RECORDS FOR THIS TASK:
↓↓↓
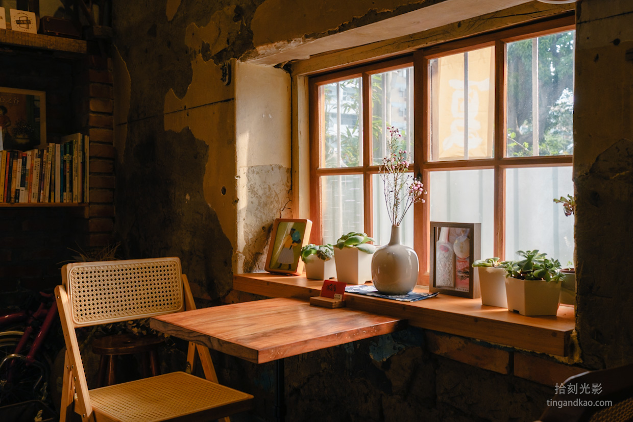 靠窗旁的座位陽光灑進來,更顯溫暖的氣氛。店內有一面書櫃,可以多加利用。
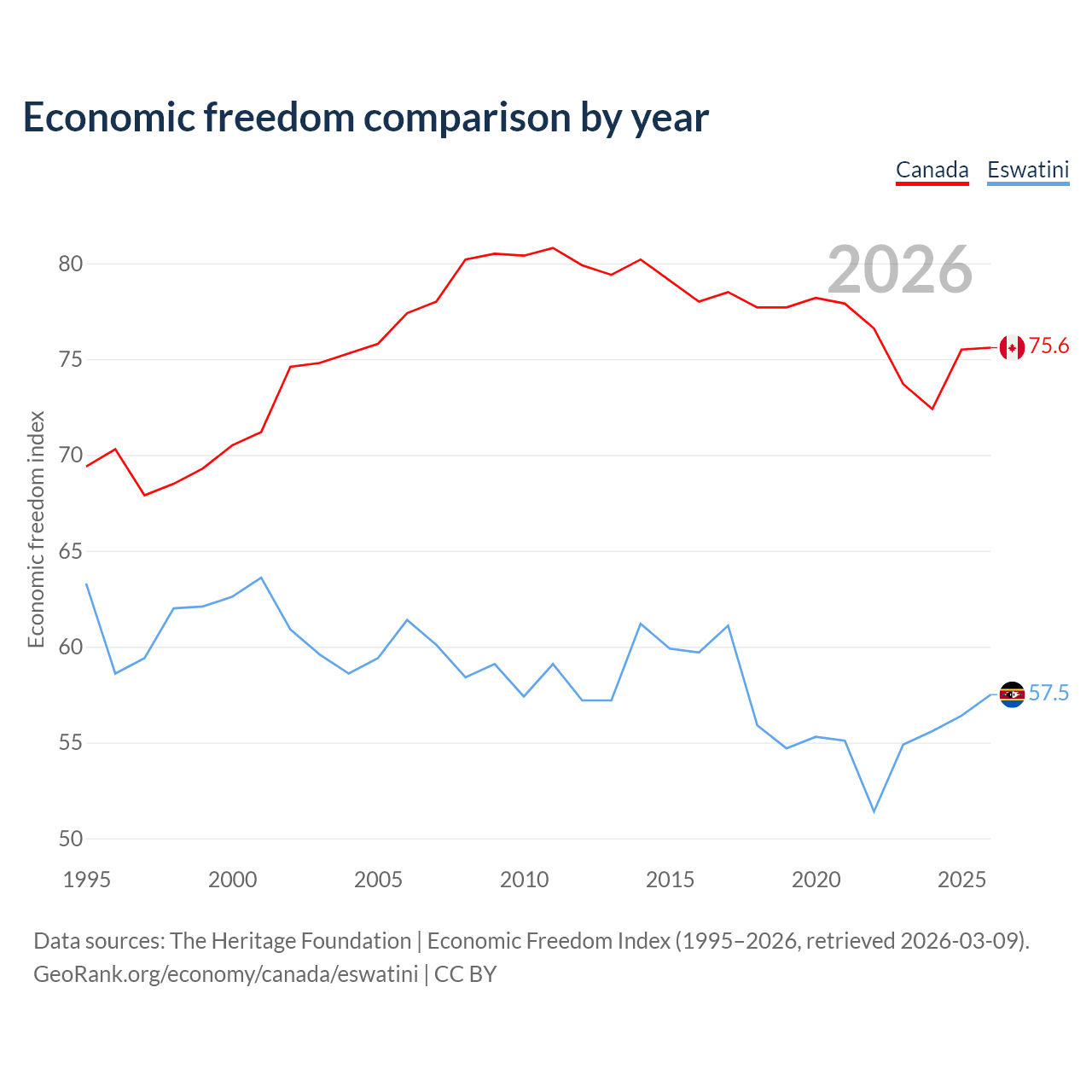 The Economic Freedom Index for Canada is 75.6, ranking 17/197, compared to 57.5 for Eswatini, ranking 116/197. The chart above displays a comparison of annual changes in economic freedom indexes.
↑↑↑
↓↓↓
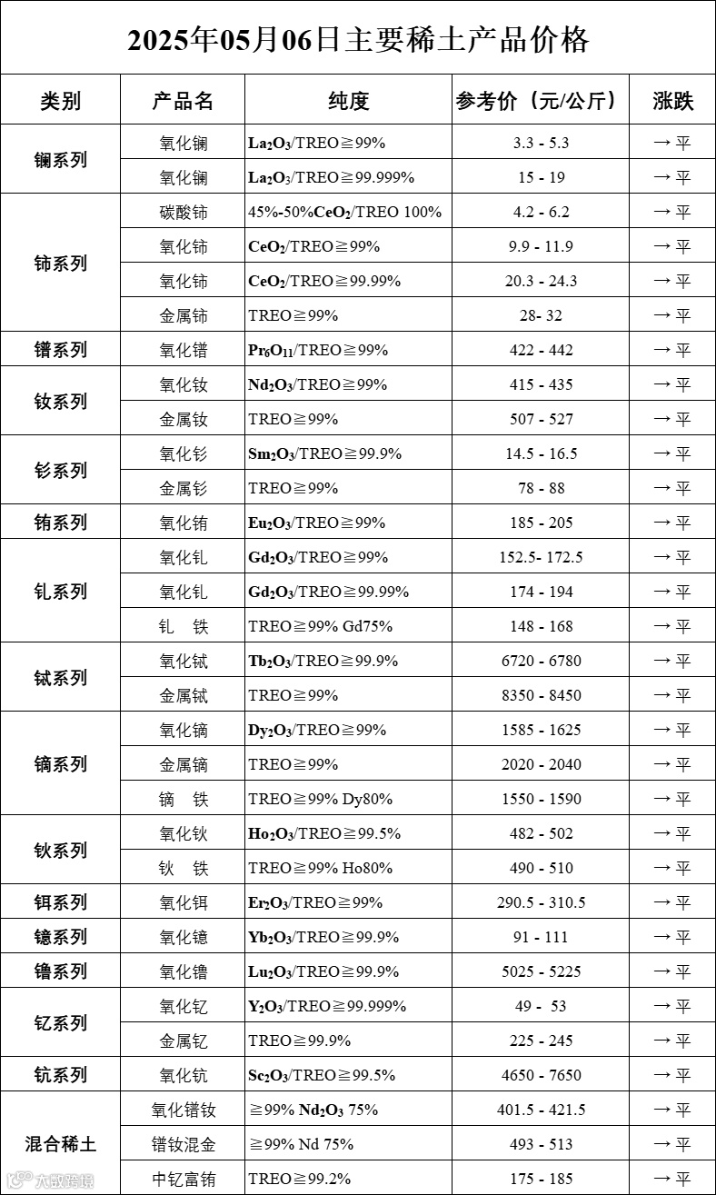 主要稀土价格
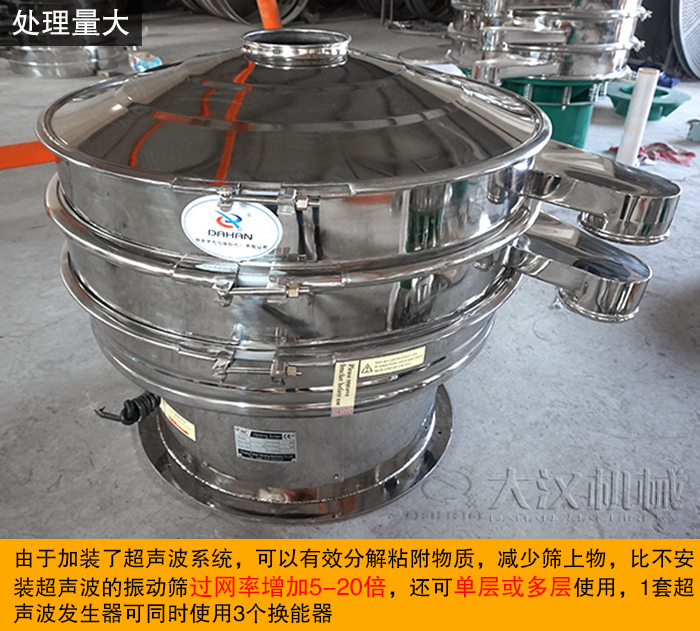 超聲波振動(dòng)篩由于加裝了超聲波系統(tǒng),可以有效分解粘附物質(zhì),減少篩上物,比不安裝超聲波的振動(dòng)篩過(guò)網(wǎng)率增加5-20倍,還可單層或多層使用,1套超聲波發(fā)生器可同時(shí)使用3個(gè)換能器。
↑↑↑
TASK INSTRUCTIONS: Output exactly those lines of the data above that run from the line with "靠窗旁的座位陽光灑進來,更顯溫暖的氣氛。店內有一面書櫃,可以多加利用。" up to and including the line with "The Economic Freedom". No pictures go in.

EXPECTED ANSWER:
 靠窗旁的座位陽光灑進來,更顯溫暖的氣氛。店內有一面書櫃,可以多加利用。
 The Economic Freedom Index for Canada is 75.6, ranking 17/197, compared to 57.5 for Eswatini, ranking 116/197. The chart above displays a comparison of annual changes in economic freedom indexes.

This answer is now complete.